*Assignment:*
Leave the images aside and copy out the whole listing, exact to the word.

*Information shown:*
-.-.-

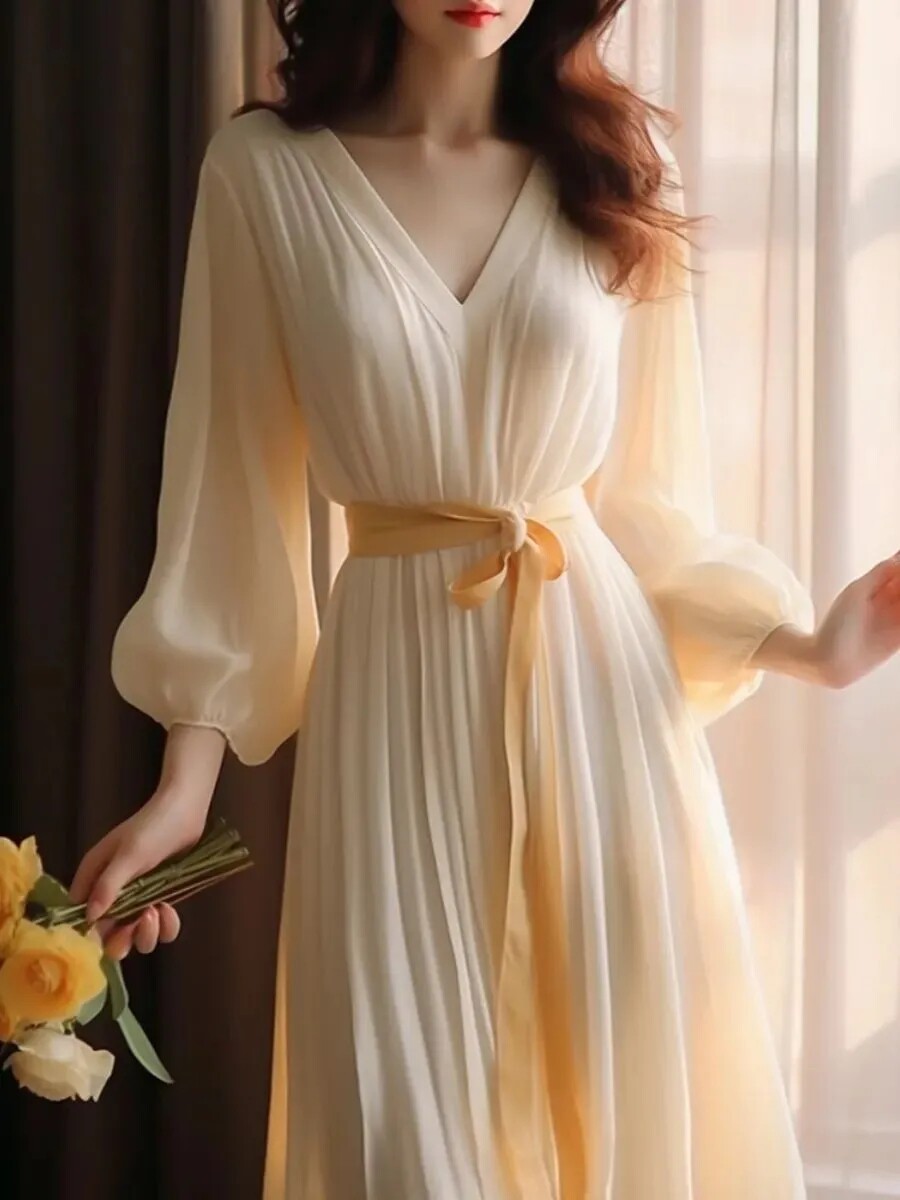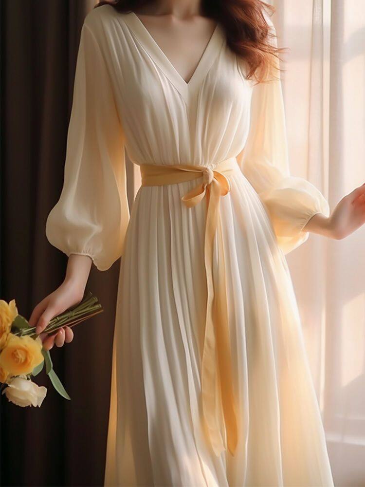 高端气质优雅法式春夏新款白色雪纺连衣裙精致长裙睡裙长款礼服裙
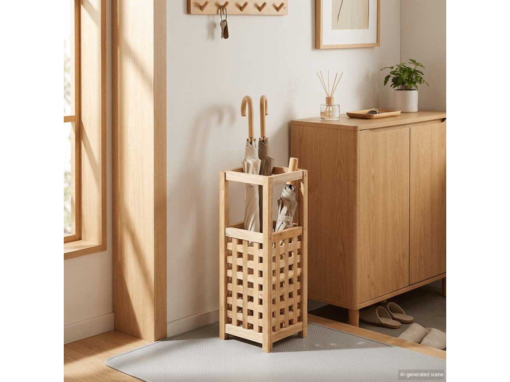 Náš dřevěný stojan na deštníky představuje úhledné úložné řešení pro vaše deštníky a dodá vaší domácnosti přírodní nádech.
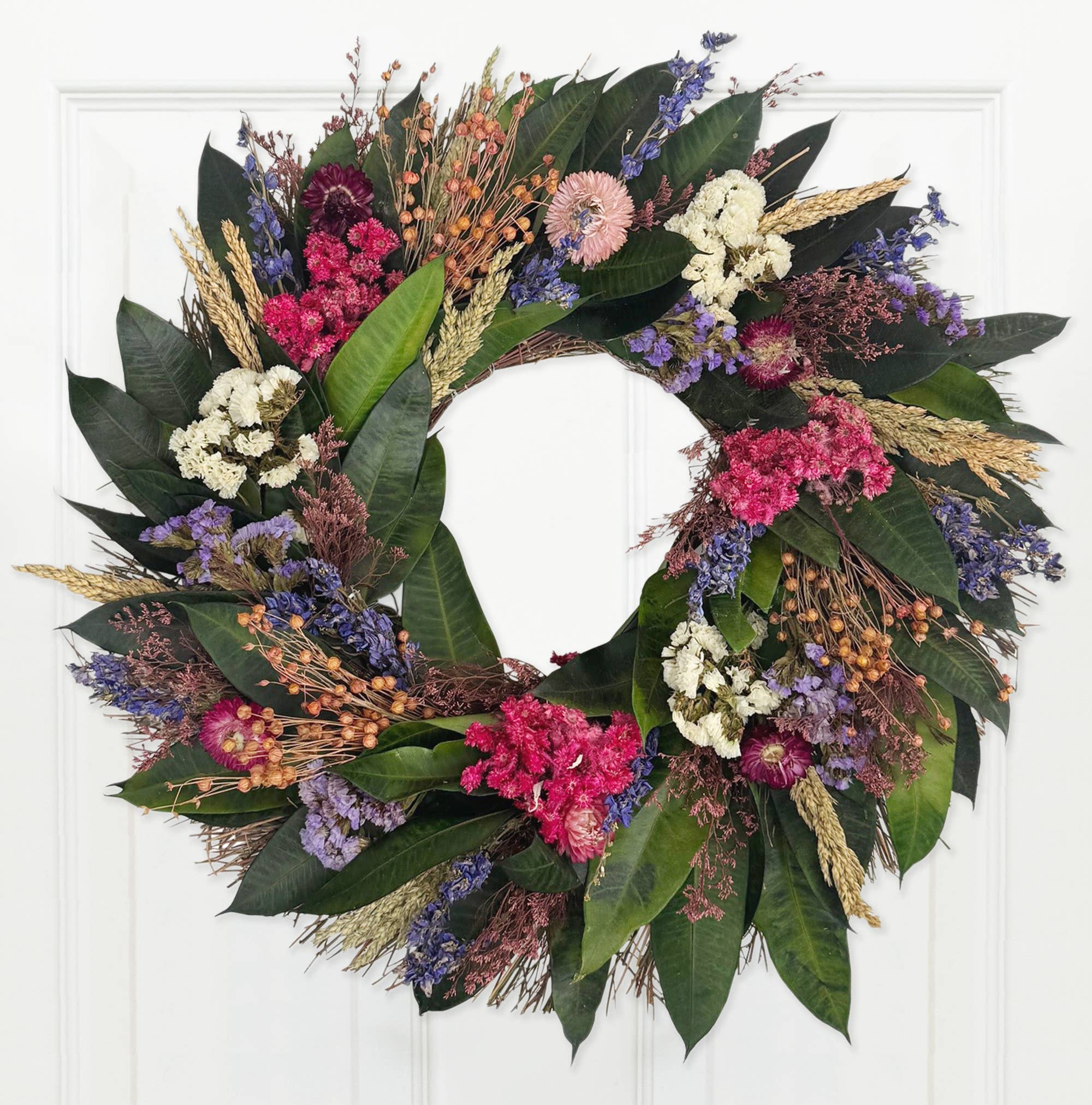 Using multiple types of delicate dried flowers and lush green leaves, we made this delightful Newport Wreath that fits perfectly with any decor.

-.-.-

*Result of the exercise:*
 高端气质优雅法式春夏新款白色雪纺连衣裙精致长裙睡裙长款礼服裙
 Náš dřevěný stojan na deštníky představuje úhledné úložné řešení pro vaše deštníky a dodá vaší domácnosti přírodní nádech.
 Using multiple types of delicate dried flowers and lush green leaves, we made this delightful Newport Wreath that fits perfectly with any decor.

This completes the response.